日照时长 环境科学 相对湿度 广义加性模型 风速 大气科学 臭氧 空气污染 降水 气象学 风向 污染 气候学 中国 地理 数学 统计 化学 考古 地质学 生态学 有机化学 生物
作者
Chenfei Hu,Pengde Kang,Daniel A. Jaffe,Chunkai Li,Xiaoling Zhang,Kai Wu,Mingwei Zhou
出处
期刊:Atmospheric Environment [Elsevier BV]
卷期号:248: 118221-118221 被引量:44
标识
DOI:10.1016/j.atmosenv.2021.118221
摘要

The daily variations of near-surface ozone (O3), one of the major air pollutants in China, depend on meteorological conditions. In this study, we analyzed the characteristics of O3 pollution and the complicated interactions among the controlling meteorological factors. In China, O3 pollution is becoming severe and high-concentration areas are expanding greatly. We found that O3 was correlated to numerous meteorological variables including air pressure, temperature, relative humidity, wind speed, wind direction, sunshine duration, evaporation, and precipitation. Using generalized additive models (GAMs), we developed predictive models to forecast the maximum daily 8 h O3 mass concentration for 334 cities in China. Different cities were influenced by different meteorological variables, with temperature (90.77%), relative humidity (68.15%), and sunshine hours (66.96%) being the top three influencing factors. In addition, we found that the influence of these meteorological factors on O3 pollution was nonlinear and impacted by the interaction between variables.

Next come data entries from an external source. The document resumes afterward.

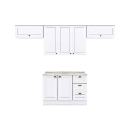 Balcão de Cozinha Americana 2 Portas e 3 Gavetas p/ Pia 120cm S/tampo Branco - Henn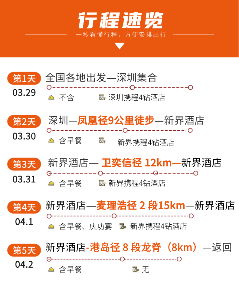 2、住宿:全程 5 天 4 晚,默认两人一间,含 1 晚深圳携程四钻酒店、3 晚香港新界携程四钻酒店连住;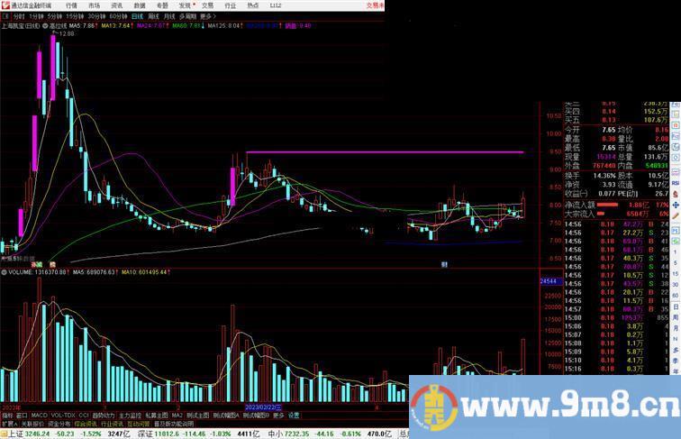 STICKLINE((C-REF(C,1))/REF(C,1)>0.095,C,O,3,0),COLORMAGENTA;
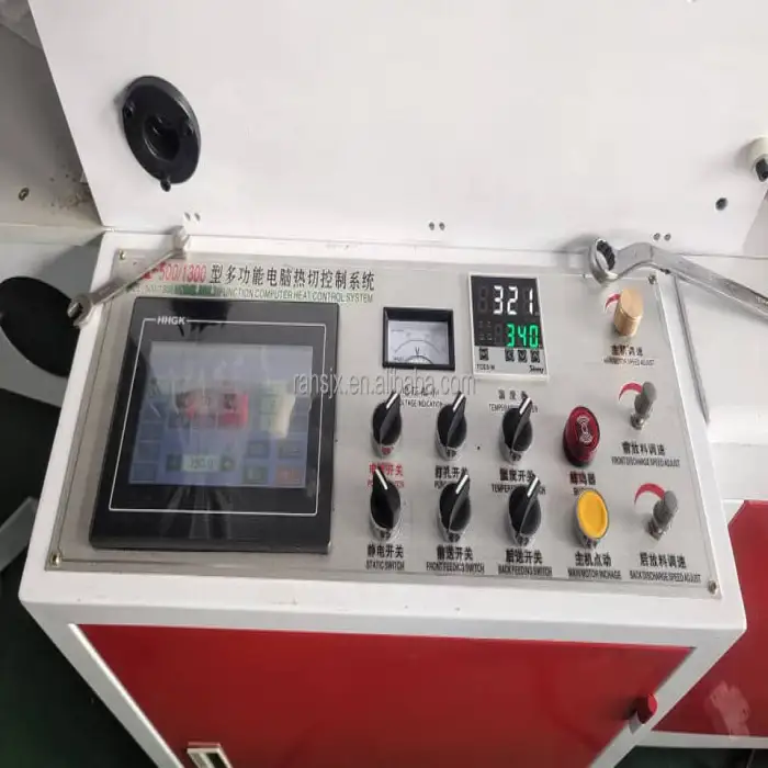The machine is equipped with a photocell color tracking system for accurate cutting.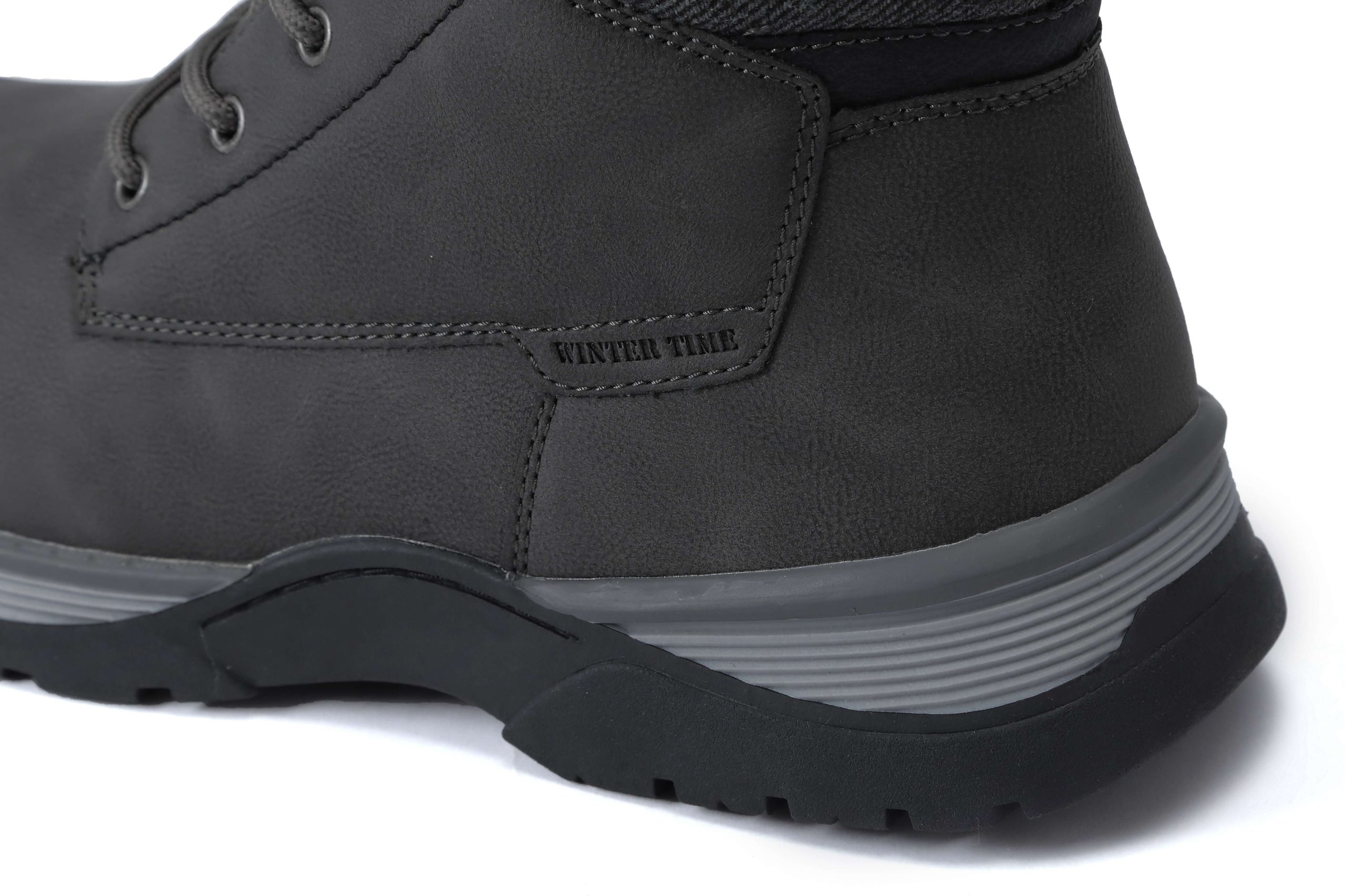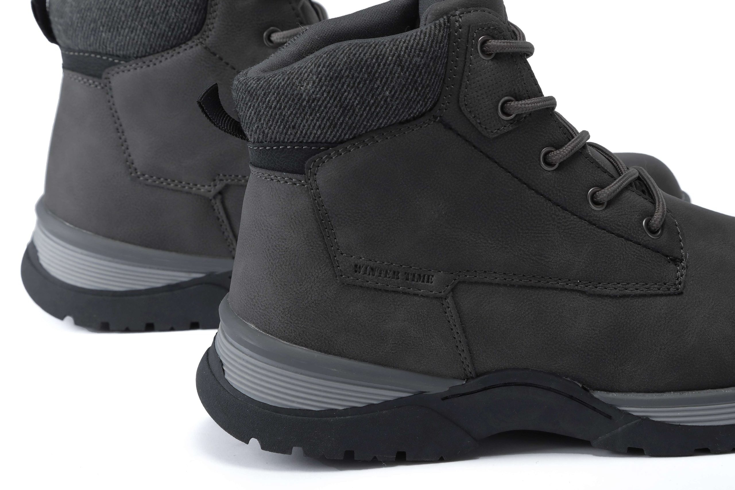 • All-Day Comfort and Style: Men’s winter boots with a PU and textile upper and a cozy textile lining. These boots provide warmth and style for winter wear and come in two classic colors, charcoal grey and honey, in sizes 39-46.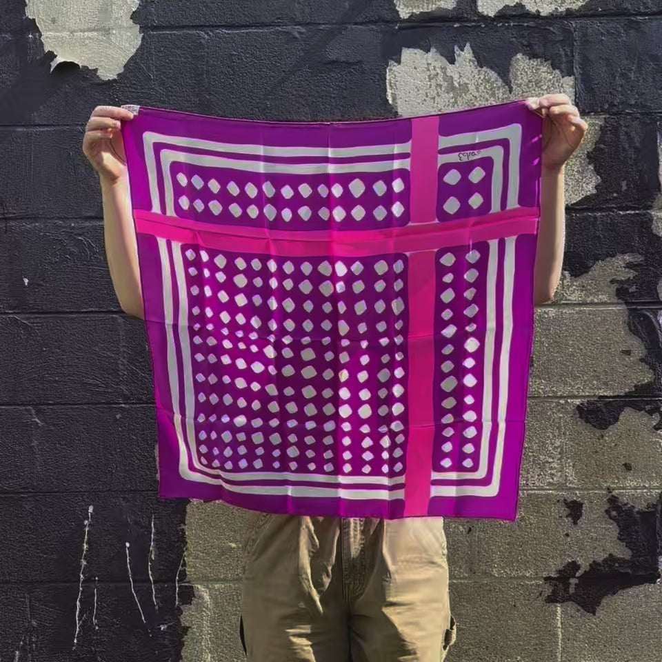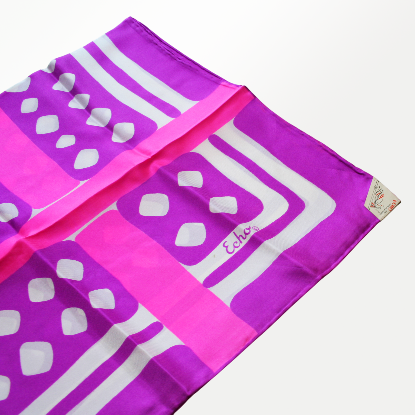 Add a pop of vintage charm with this authentic Echo scarf featuring a vibrant graphic print and hand-rolled hem. Made from 100% silk and signed with the classic Echo logo, it’s a timeless accessory from one of America’s most iconic scarf makers.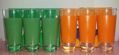 Set composto da 6 bicchieri esclusivi in vetro (3 bicchieri bradizzati Fanta e 3 bicchieri brandizzati Sprite) e relative scatole. Nuovo e da collezione.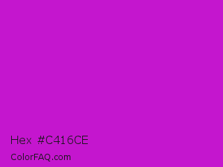 Hex #c416ce Color is a normal magenta color and the nearest color is Deep Magenta #cc00cc. Hex code #c416ce and RGB value is rgb(196,22,206). In RGB color space, this color is composed of 77% red, 9% green, 81% blue, In CMYK color space, this color is composed of 5% cyan, 89% magenta, 0% yellow , 19% black , In HSL color space, this color has a hue angle of 297° , 81% saturation and 45% lightness.
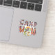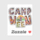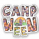 Sticker Halloween Camping - Fun Halloween pun Camp Ween en caractères violets et oranges gras, décoré de crâne et de motifs jack-o’lanterne. Un mignon camper s'installe de façon ludique entre les mots, ajoutant un charme éffrayant. Idéal pour : saison d'Halloween, amateurs de camping, amateurs éffrayants de jeu de mots et aventures d'automne.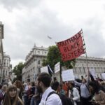 Trafalgar Meydanı'nda göstericiler adına konuşan Simon Yasmin, İngiltere'de ırkçılık ve özellikle siyahi kadınlara yönelik düşmanlığın çok önemli bir sorun olduğuna dikkati çekerek, Prens Harry'nin eşi Megan Markle'ın da maruz kaldığı ırkçı davranışların ardından bu ülkeden ayrıldığını söyledi.

Considering individual relationships between each meteorological factor and O3, the average coefficient of determination (R2) of GAMs for the 334 cities was 0.64 ± 0.16. However, considering the interaction between variables, the average R2 for 334 cities of revised GAMs increased to 0.72 ± 0.15. The R2 was significantly improved in 96.72% of the cities after considering the interactions among the meteorological factors based on a ten-fold cross-validation method. Furthermore, we found that the GAM residuals were unbiased. As an example of using and interpreting the GAM results, we focused on a case study in Hangzhou during the G20 summit in 2016. During this period, nitrogen oxides (NOx) and volatile organic compounds were reduced by 51.67% and 49.00%, respectively, because of local emission controls. Despite these changes in precursor emissions, O3 changed slightly during this period, suggesting that O3 in Hangzhou at the time was not controlled by local precursor emissions, but was impacted by meteorological conditions.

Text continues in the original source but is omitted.